**What is expected**
Could the data below be retyped exactly, without its pictures?

··· Data to examine ···

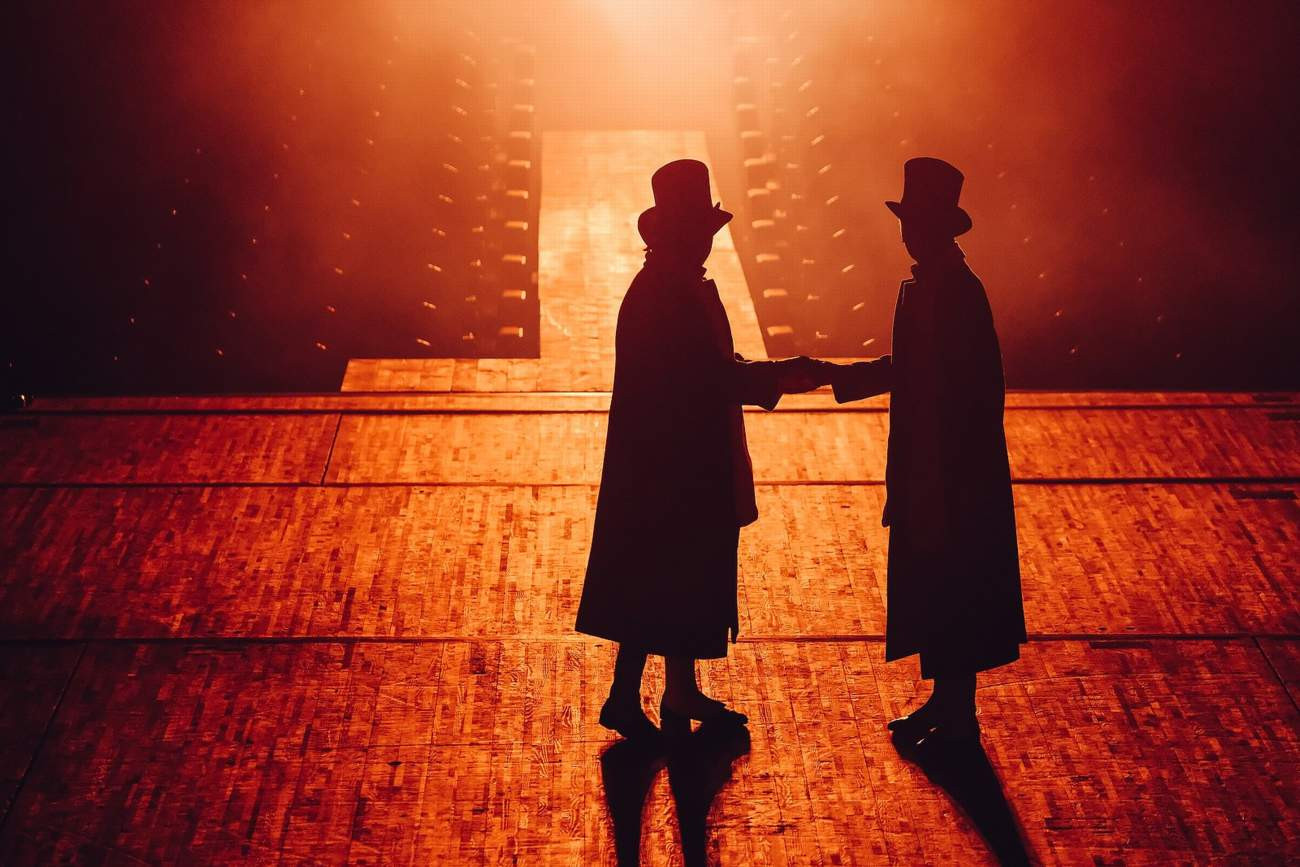 Декораций немного, в основном лаконичные, но выразительные детали. Машинерия сцены не скрыта от глаз зрителей. И в этой атмосфере (словно в детстве попал в папин кабинет: всё вокруг такое манящее, но трогать нельзя) зрители ещё рассаживаются, а нервы уже натянуты до предела - что-то сейчас будет!
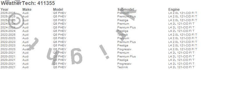 Below is an abbreviated list of applications for the Cargo Liner.Q5 PHEV, Audi, 2025, 2024, 2023, 2022, 2021, 2020
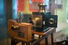 - 1850 - Com a popularização do processo fotográfico, através do daguerreótipo, a partir de 1850 as câmeras conhecem inovações. As simples caixas rígidas de madeira e de foco fixo dão lugar a câmeras que permitem regular o foco, primeiro por meio de duas caixas de madeira interconectadas que podem ser afastadas umas das outras, e depois por meio de foles ligando a objetiva à câmara onde o filme é exposto.[20]
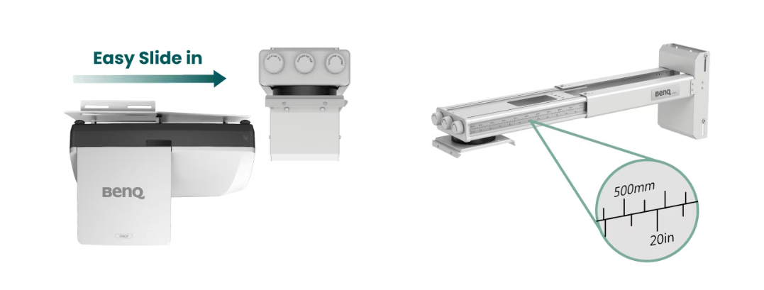 Kolaylaştırılmış Duvar Montajı Hizalaması Verimli ve profesyonel bir kurulum için LW855UST ultra kısa mesafeli projektör duvar montajı, sınıfta mükemmel ekran hizalaması ve görüntü konumlandırması sağlayan bir kurulum şeması ve cetvel ile donatılmıştır. İşleri daha da kolaylaştırmak için, projektörün ön tarafında temiz bir şekilde monte edilmiş, tamamen kare ekranlar için üç yönlü bir ayar düğmesi bulunur.
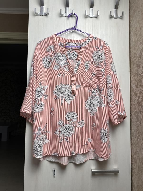 Блузка-рубашка с укороченным рукавом в полоску и цветочным принтом, натуральная ткань
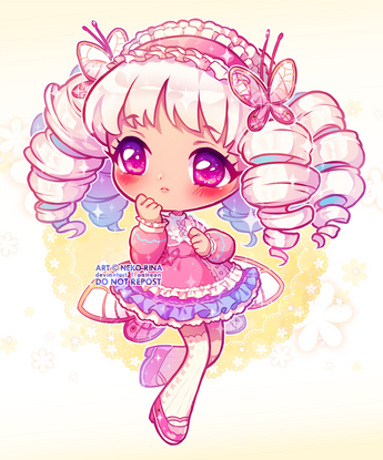 Décidément j'adore cet OC, il est tellement beau xD Les oreilles en crystal sont magnifique, ces cheveux sont tellement détaillées et fluffyyyyy (t'as du y passé un temps fou wow xD) les petits lapins et les papillons sont vraiment réussi et la colo est simple mais tellement belle, je plor
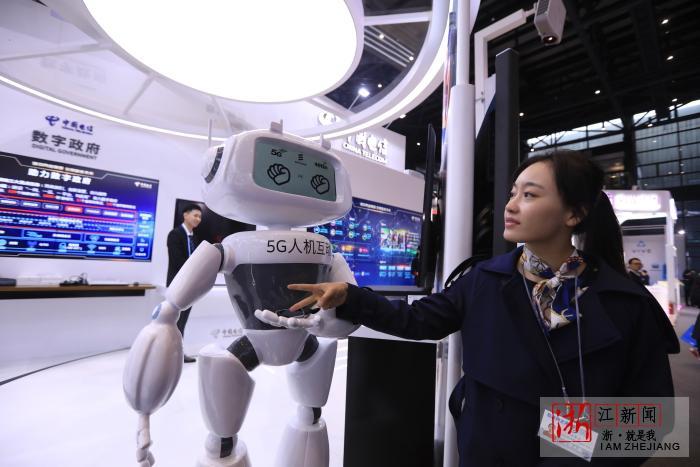 电信展台基于智能识别和5G技术的猜拳机器人和工作人员比赛。
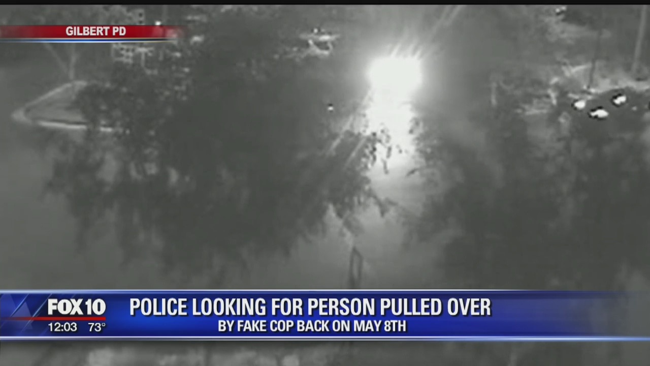 GILBERT, Ariz. (FOX 10) - Gilbert police are looking for someone who they say was pulled over by a person pretending to be a police officer. Video released by the Gilbert Police Department shows a vehicle being stopped by the police impersonator on May 8 near Power and Ray Roads.
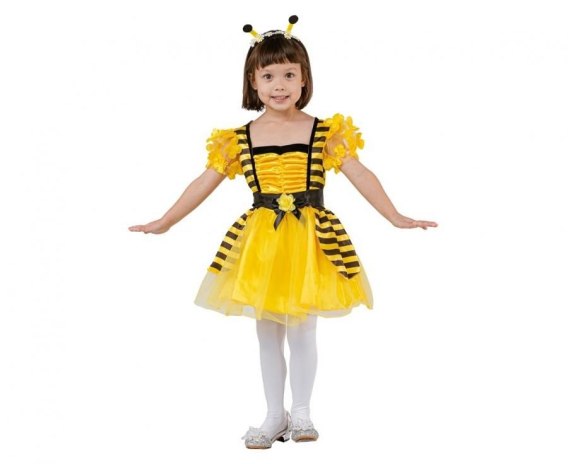STRÓJ PSZCZÓŁKI DLA DZIECI W skład stroju wchodzi: sukienka, opaska, pasek Rozmiar: 92/104 cm Kolor: wielokolorowy Materiał: 100% poliester Producent: Godan
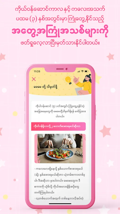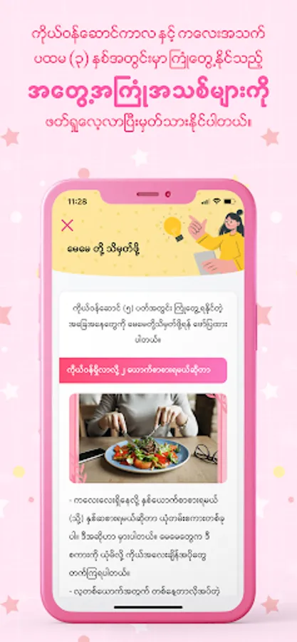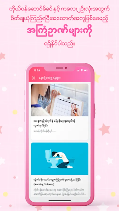 Helpful articles on nutrition and symptoms, what to do in emergency situations and to do lists according to gestational weeks and age of children are vital components of this app. The users would get the categories mentioned above on the bases of pregnancy weeks or their children’s age.

···

**Response area**
 Декораций немного, в основном лаконичные, но выразительные детали. Машинерия сцены не скрыта от глаз зрителей. И в этой атмосфере (словно в детстве попал в папин кабинет: всё вокруг такое манящее, но трогать нельзя) зрители ещё рассаживаются, а нервы уже натянуты до предела - что-то сейчас будет!
 Below is an abbreviated list of applications for the Cargo Liner.Q5 PHEV, Audi, 2025, 2024, 2023, 2022, 2021, 2020
 - 1850 - Com a popularização do processo fotográfico, através do daguerreótipo, a partir de 1850 as câmeras conhecem inovações. As simples caixas rígidas de madeira e de foco fixo dão lugar a câmeras que permitem regular o foco, primeiro por meio de duas caixas de madeira interconectadas que podem ser afastadas umas das outras, e depois por meio de foles ligando a objetiva à câmara onde o filme é exposto.[20]
 Kolaylaştırılmış Duvar Montajı Hizalaması Verimli ve profesyonel bir kurulum için LW855UST ultra kısa mesafeli projektör duvar montajı, sınıfta mükemmel ekran hizalaması ve görüntü konumlandırması sağlayan bir kurulum şeması ve cetvel ile donatılmıştır. İşleri daha da kolaylaştırmak için, projektörün ön tarafında temiz bir şekilde monte edilmiş, tamamen kare ekranlar için üç yönlü bir ayar düğmesi bulunur.
 Блузка-рубашка с укороченным рукавом в полоску и цветочным принтом, натуральная ткань
 Décidément j'adore cet OC, il est tellement beau xD Les oreilles en crystal sont magnifique, ces cheveux sont tellement détaillées et fluffyyyyy (t'as du y passé un temps fou wow xD) les petits lapins et les papillons sont vraiment réussi et la colo est simple mais tellement belle, je plor
 电信展台基于智能识别和5G技术的猜拳机器人和工作人员比赛。
 GILBERT, Ariz. (FOX 10) - Gilbert police are looking for someone who they say was pulled over by a person pretending to be a police officer. Video released by the Gilbert Police Department shows a vehicle being stopped by the police impersonator on May 8 near Power and Ray Roads.
STRÓJ PSZCZÓŁKI DLA DZIECI W skład stroju wchodzi: sukienka, opaska, pasek Rozmiar: 92/104 cm Kolor: wielokolorowy Materiał: 100% poliester Producent: Godan
 Helpful articles on nutrition and symptoms, what to do in emergency situations and to do lists according to gestational weeks and age of children are vital components of this app. The users would get the categories mentioned above on the bases of pregnancy weeks or their children’s age.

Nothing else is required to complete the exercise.